Bottle Diving: Underwater Exploration With a Touch of Glass
I have encountered and recovered plenty of glass bottles in my lifetime of scuba diving. But I didn’t get into bottle diving intentionally.
The first incident was when I was diving in Lake Erie in the area around Buffalo, New York. The dive location was just outside a break wall near the Peace Bridge, where Lake Erie empties into the Niagara River.
My main objective was to look for old coins that apparently were deposited when a ship wrecked in the area. The vessel was never identified, but the local club discovered the debris in the early 1960s.
While searching the area, I would come across various pieces of bottles, such as the neck or bottom. But every once in a while, the gods smiled on me, and I would find a complete specimen worth bringing to the surface.
The first was a large crockery bottle with the name SARSAPARILLA and below that was the manufacturer BURR & WATERS. Sometime later, I was fortunate to locate a small blue glass bottle with HOWELL & SMITH, below was written BUFFALO. Finally, I discovered another blue glass bottle with a damaged top but was complete enough to read LANCASTER GLASS WORKS NY.
After locating all three of these bottles, I wanted to learn more about their age and value. For this reason, I contacted the Buffalo Historical Society sending along photos and pencil rubbings of the raised letters on the bottles.
The reply stated that Burr & Waters appeared in the city directory from 1839 to 1853. Howell & Smith was in business from 1853 to 1864.
I was also told that the complete blue bottle was worth somewhere around $35, but that was back in the early '70s. I took the crockery one to a local Antiques Road Show, and they estimated it around $300.
Around that same time, I was diving on a submerged garbage dump off the bank of the St. Clair River and found a blob top soda bottle as well as a couple of medicine bottles. The blob top soda bottle displayed the name of ZADDACK BROS, WYANDOTTE, MICH, and CITY BOTTLING WORKS. By contacting the Wyandotte Museums in Michigan I learned this bottle was for soda water and manufactured from 1884 to 1890.

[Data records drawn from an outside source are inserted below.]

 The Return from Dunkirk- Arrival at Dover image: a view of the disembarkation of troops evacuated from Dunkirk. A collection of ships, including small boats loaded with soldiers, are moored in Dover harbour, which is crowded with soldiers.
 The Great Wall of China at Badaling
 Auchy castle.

The square medicine bottle has the inscriptions HAZELTINE & CO, PISO'S CURE, FOR CONSUMPTION. In researching this one, I learned the contents contained a combination of marijuana, chloroform, and alcohol and started production in the 1870s.
Lastly, the small round bottle has the wording MRS WINSLOW'S SOOTHING SYRUP and was produced by CURTIS & PERKINS PROPRIETORS. Once again, the contents included Opium, which probably provided the "soothing" product in the mixture. This one dates back to the late 1800s.

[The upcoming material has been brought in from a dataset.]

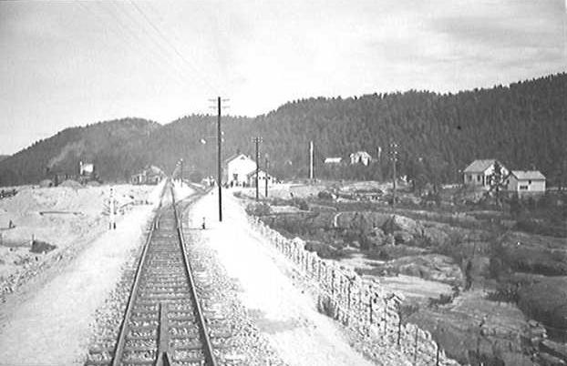 Birkenes Station on the Sørland Line in Norway

When I was transferred from Ohio to Florida by my company, I had the opportunity to dive with Mel Fisher on the Atocha and Margarita Galleons. We would go out for a week of exploring and dock at Key West on the weekends. During one of these weekends, seeing there was very little to occupy my time, I went for a dive around the dock area and picked up an old black glass ale bottle. There were no markings on the bottle, but it was of a three-piece construction, which dated it to around the early 1880s.
More recently, my son Gary and I had been exploring various springs in North Florida and heard about a camp up by the Suwannee River, so we decided to travel up there to try it out. We brought along our 17-foot Boston Whaler to see just what spots might be interesting along the river.
Upon heading west from the camp, we came upon an old former railroad bridge that looked like it dated back to the early 20th Century. It was no longer in operation, for it had been stripped of its tracks and rotated, so it was perpendicular to the river, not across it.
We thought this might be a good place to dive in that passengers on trains passing by may have tossed items into the river. We dove around the pedestal base, and I only came up with a small whisky bottle with the inscription on the bottom of PAUL JONES and a date of 1905.
After this minor find, we noticed a grouping of boulders about 300 yards downstream of the bridge. Thinking this could be a location that debris may get caught while being washed down the river, we moved over to investigate.
Well, it didn't take long before we were picking up bottles two and three at a time to the point that we filled two large mesh bags in a matter of half an hour. We had more whisky bottles, old Coke bottles, and wine bottles that were all at least 50 to 75 years old. Some of the Coke bottles had the name of a nearby town on them.
When we arrived back at the camp and were having dinner at the main lodge, we commented to the other divers how many bottles we found and were immediately asked where we located them. We told them the area where we were diving but also added, "you can go there, but we got them all."
We went up again the next year, but we were right. We did get them all except one or two.